» **DATA PROVIDED**:
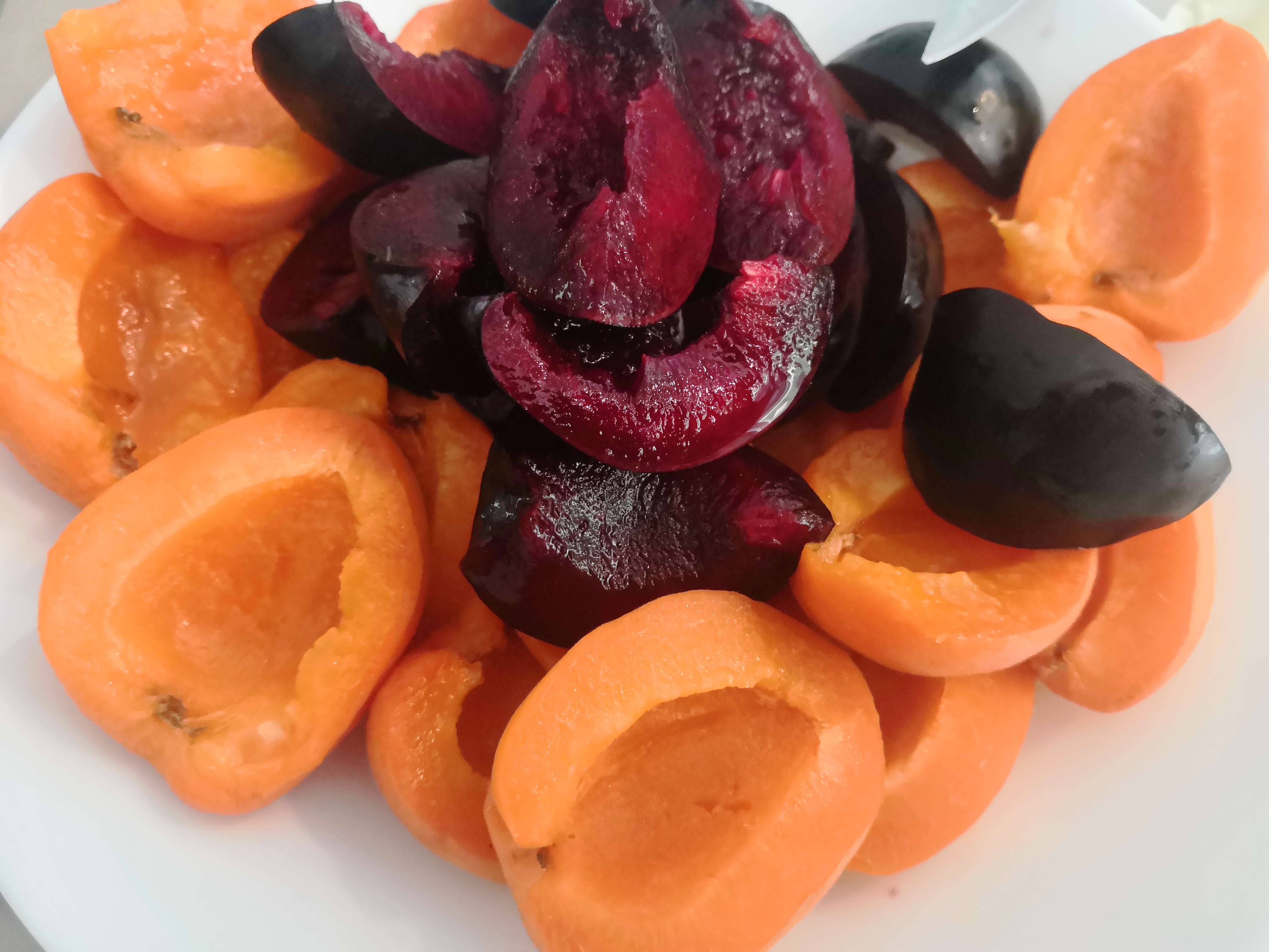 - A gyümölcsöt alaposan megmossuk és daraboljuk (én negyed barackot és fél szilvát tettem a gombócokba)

---

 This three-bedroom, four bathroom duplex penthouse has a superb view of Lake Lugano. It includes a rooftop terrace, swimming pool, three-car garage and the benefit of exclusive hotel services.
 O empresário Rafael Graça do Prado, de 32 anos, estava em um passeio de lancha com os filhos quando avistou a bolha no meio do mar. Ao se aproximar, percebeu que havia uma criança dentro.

» **EXERCISE INSTRUCTIONS**: Reproduce exactly, and with no other material, the lines between those holding "This three-bedroom, four" and "O empresário Rafael", inclusive.

» **TASK OUTPUT**:
 This three-bedroom, four bathroom duplex penthouse has a superb view of Lake Lugano. It includes a rooftop terrace, swimming pool, three-car garage and the benefit of exclusive hotel services.
 O empresário Rafael Graça do Prado, de 32 anos, estava em um passeio de lancha com os filhos quando avistou a bolha no meio do mar. Ao se aproximar, percebeu que havia uma criança dentro.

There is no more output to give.